■ Goal of the exercise: Please output the line containing "Oorbellen zirkonia roze" and all lines that follow it in the data below, exactly, with no pictures.

■ Exercise data:
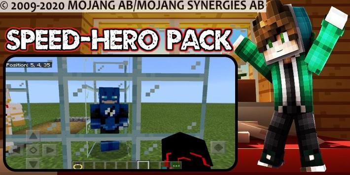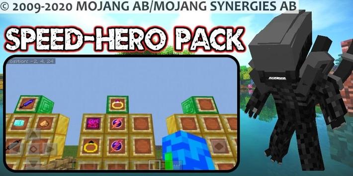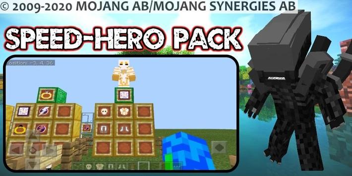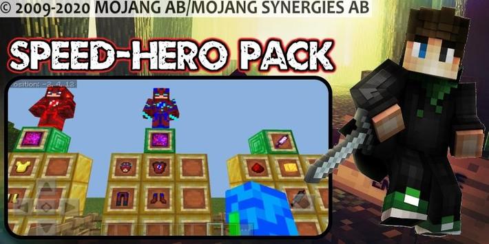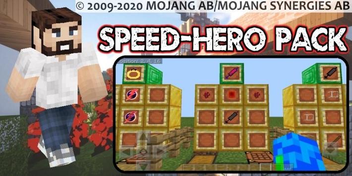 This app contains 3 mods(maps, skins or textures) for mcpe : 1. Speed-Hero Mod, 2. Speed-Hero Parkour Map, 3. Super-Heroes Pack Mod.
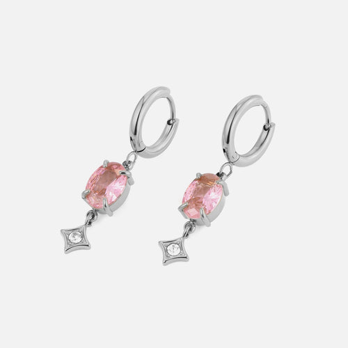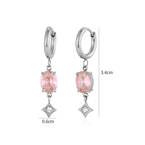 Oorbellen zirkonia roze zilver zijn 3,4cm lang en 0,6cm breed. Gemaakt van hoogwaardig stainless steel.
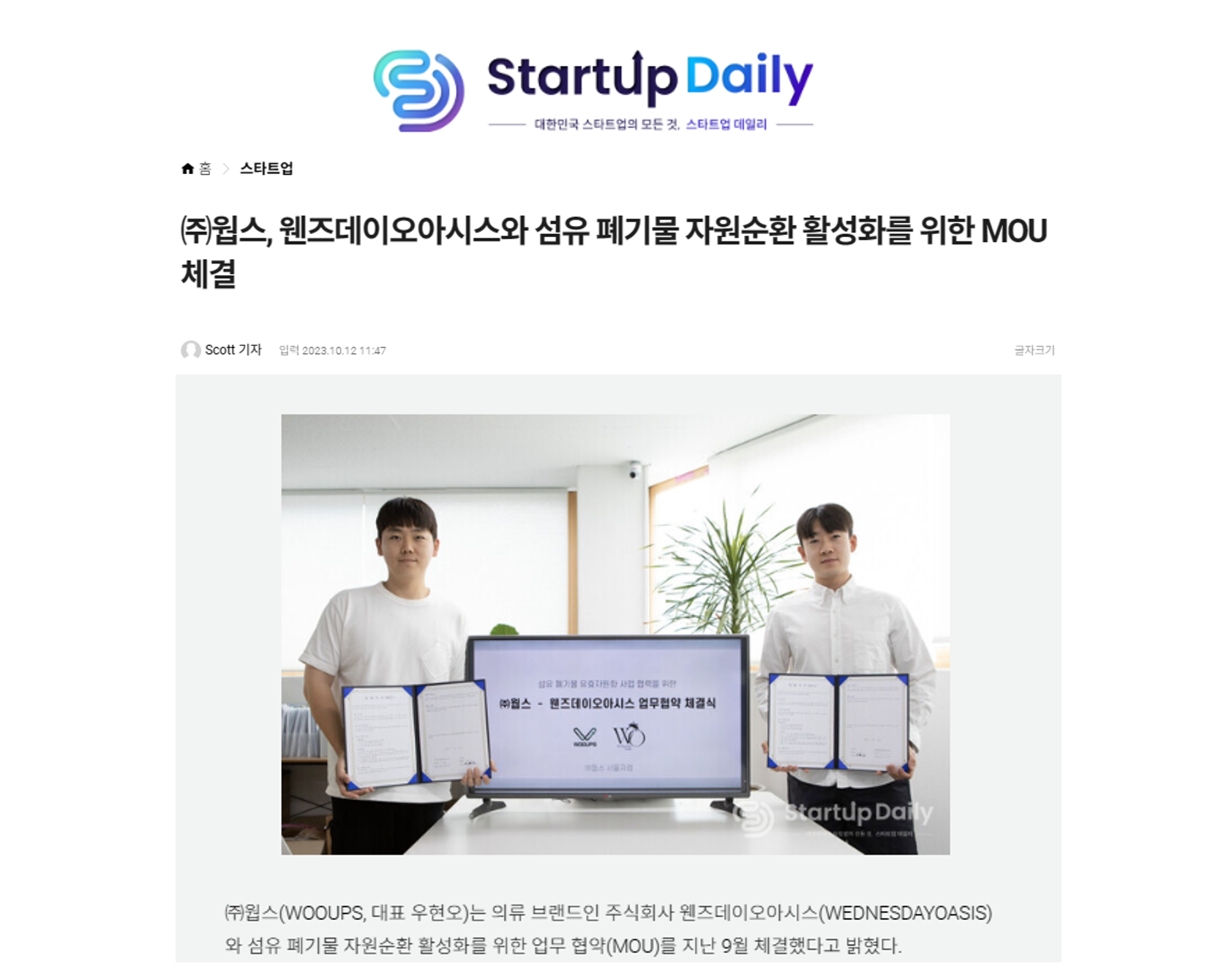 - (클릭) ㈜웝스, 웬즈데이오아시스와 섬유 폐기물 자원순환 활성화를 위한 MOU 체결 < 스타트업 < 기사본문 - 스타트업데일리 (startupdaily.kr)

■ Exercise answer:
 Oorbellen zirkonia roze zilver zijn 3,4cm lang en 0,6cm breed. Gemaakt van hoogwaardig stainless steel.
 - (클릭) ㈜웝스, 웬즈데이오아시스와 섬유 폐기물 자원순환 활성화를 위한 MOU 체결 < 스타트업 < 기사본문 - 스타트업데일리 (startupdaily.kr)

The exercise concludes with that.